Todas estas preguntas hacían que sintiera la cabeza aún más espesa y confusa.
Fue entonces cuando el rostro de Betsabé se inclinó sobre él. Le acarició suavemente el pelo y le pasó la mano por la nuca dolorida. Estaba muy guapa, sus grandes ojos negros lo miraban con infinita ternura. Le sonría. Aunque el joven no era capaz de comprender cómo había llegado hasta allí, se sentía mucho mejor. Estaba salvado. Ella acercó los labios a su oreja y empezó a cantarle en hebreo una melodía muy antigua: «Como la uva en la vid, como la espiga en el campo, el riachuelo en la colina, el hombre vuelve a Canaán...». Tranquilizado, se dejó acunar durante un momento, embriagándose con su perfume.

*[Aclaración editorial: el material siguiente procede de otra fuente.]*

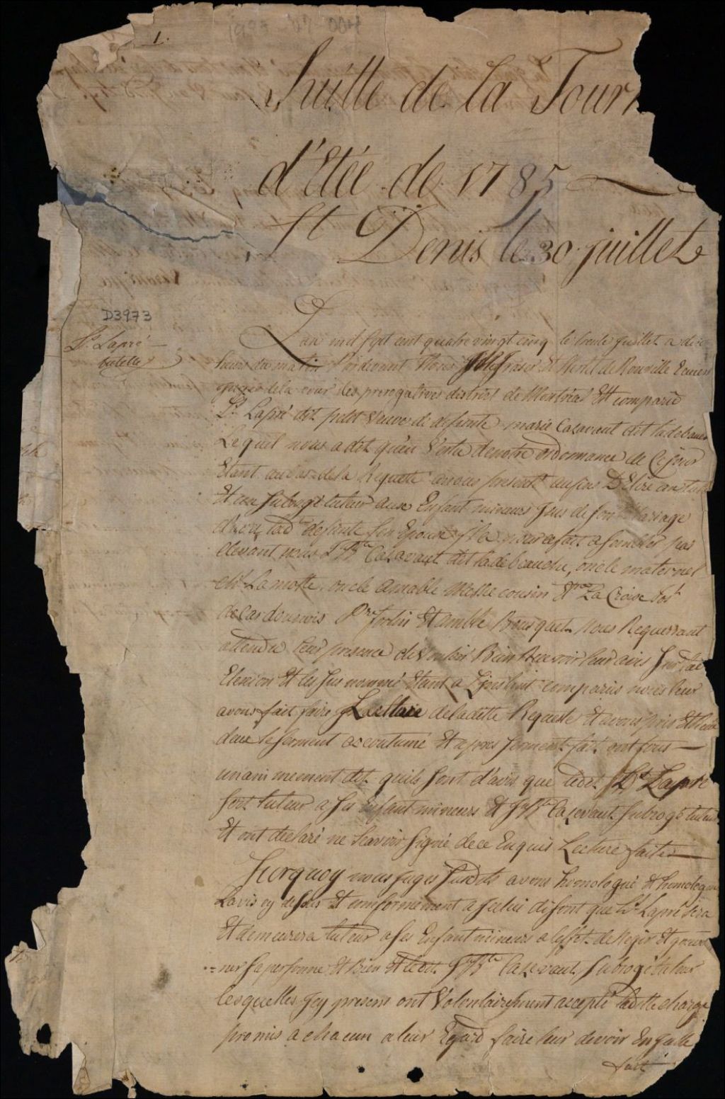 Tutelle des enfants mineurs de feu Marie Casavant Ladébauche et de Louis Lapré Petit, 30 juillet 1785, Archives nationales à Montréal, Fonds Cour supérieure. District judiciaire de Montréal. Procédures en matières non contentieuses, (06M,CP601,S5,D3973).

Pero, de repente, su tono se volvió más duro. Le mordió la mejilla y la blancura de su velo se hizo cegadora.
—¡Despiértate!
Filón entrecerró los ojos, deslumbrado por los rayos del sol, con un agudo dolor en la sien.
—Venga, ¡ponte de pie!
Obedeció y pensó que le estaban arrancando la cabeza. Gimió y parpadeó, a punto de volver a desmayarse. La sangre empezó a irrigar de nuevo sus venas y lentamente volvió a distinguir las formas. Era la misma habitación, pero la ventana no estaba obstruida. Había cuatro hombres, contando al que acababa de abofetearlo, una especie de gigante pelirrojo con el pelo y la barba hirsutos, más alto y más ancho que todos los luchadores del gimnasio de Alejandría. Detrás de él, el joven titubeante que le había abierto la puerta el día anterior se encontraba junto a una especie de guerrero, con un arnés de protección de cuero y dos espadas en el cinto. Más apartado, un individuo de mediana edad cuyo rostro enérgico revelaba sensibilidad e inteligencia. Filón tuvo la sensación de haberlo visto antes.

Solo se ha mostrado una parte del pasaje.